1980s funk/disco band

The Strikers were a 1980s funk/disco band from New York City. They had greatest success with two 1981 singles "Body Music" (#4 on the
US dance chart) and "Inch by Inch" (#15). In The Boston Phoenix, critic Mike Freedberg opined that on their album The Strikers, "the band expands upon what could called 'street jazz' and proves ... that it knows exactly what taboos it is taming, what comparisons its songs make between the curses of the past and the realities of Manhattan."

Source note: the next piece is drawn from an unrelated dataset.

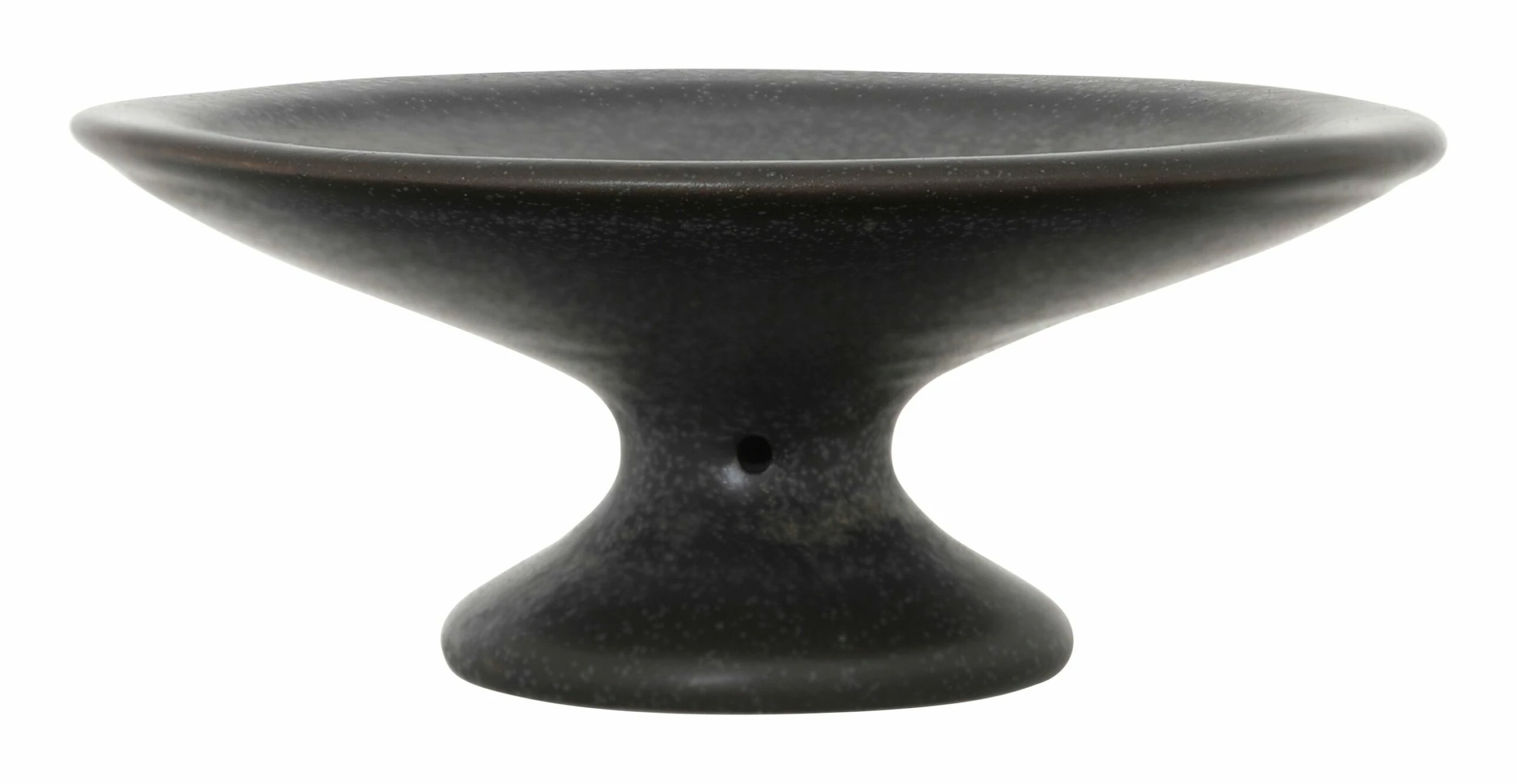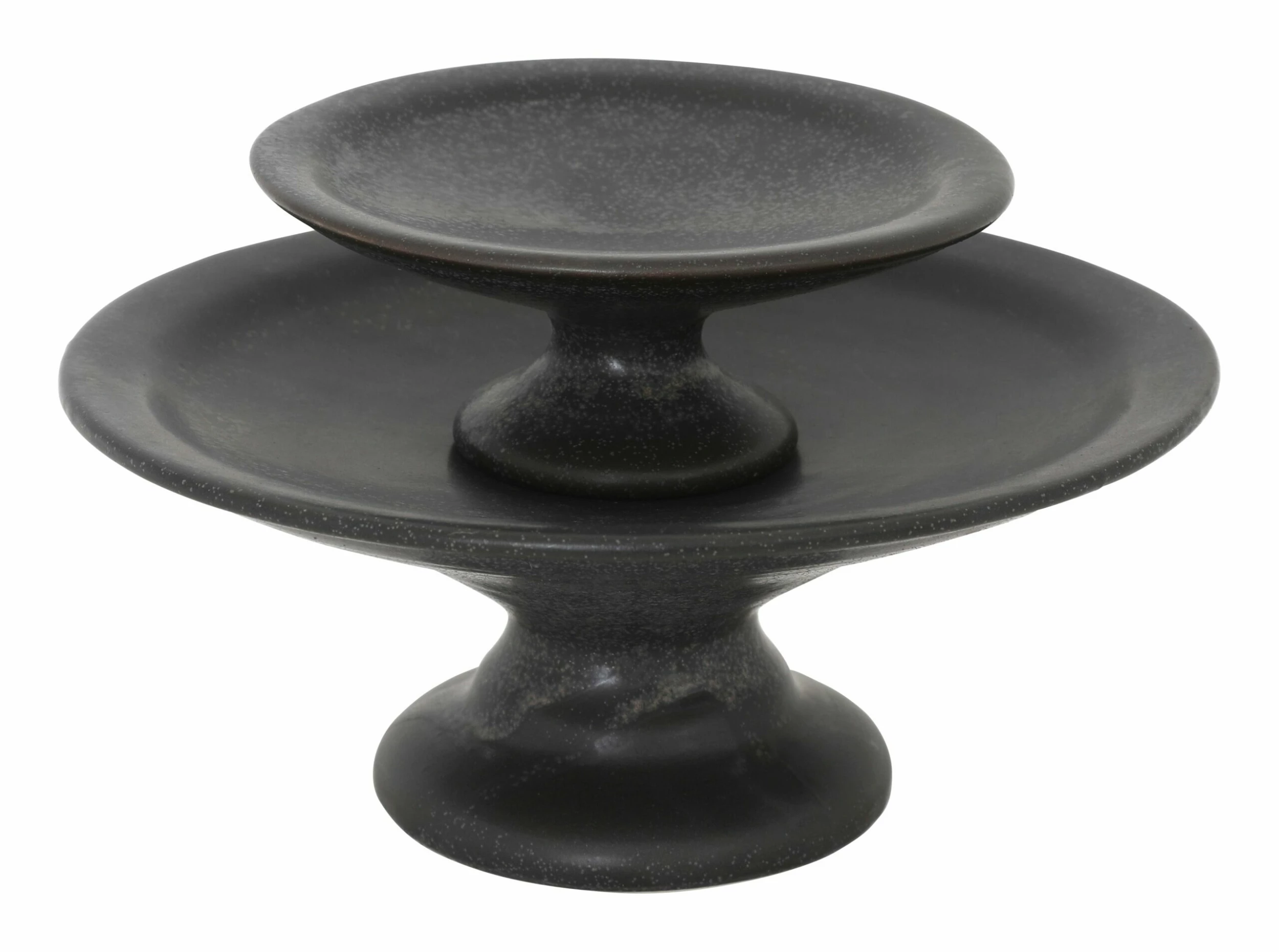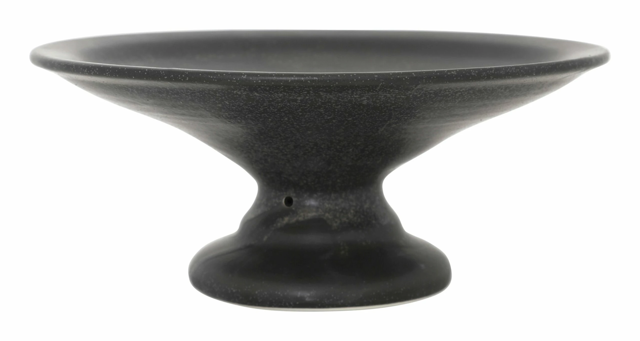 Give your tabletop a boost in height and style with our simple Apollo Footed Bowls. Sleek and streamlined in form, these pedestal dishes are crafted from stoneware and finished with a matte mottled black glaze. Perfect for serving up nuts and candies on the coffee table, we also love these vessels as catchalls for odds and ends on the entryway console, dressing table or powder room counter.

Members included Darryl Gibbs, Howie Young, Milton Brown (later of Warp 9), Robert Rodriguez, Ruben Faison, Robert Gilliom, and Willie Slaughter.

==Discography==
===Studio album===
- The Strikers (Prelude, 1981)

===Compilation album===
- 12" Mixes (Unidisc, 1991)

===Singles===

Year: Title; Peak chart positions
US: US Dance; US R&B; UK
1981: "Body Music"; 101; 4; 23; 45
"Inch by Inch": ―; 15; 58; ―
"Strike It Up" / "Bring Out the Devil": ―; ―; ―; ―
1982: "Contagious"; ―; ―; ―; ―
"—" denotes releases that did not chart or were not released in that territory.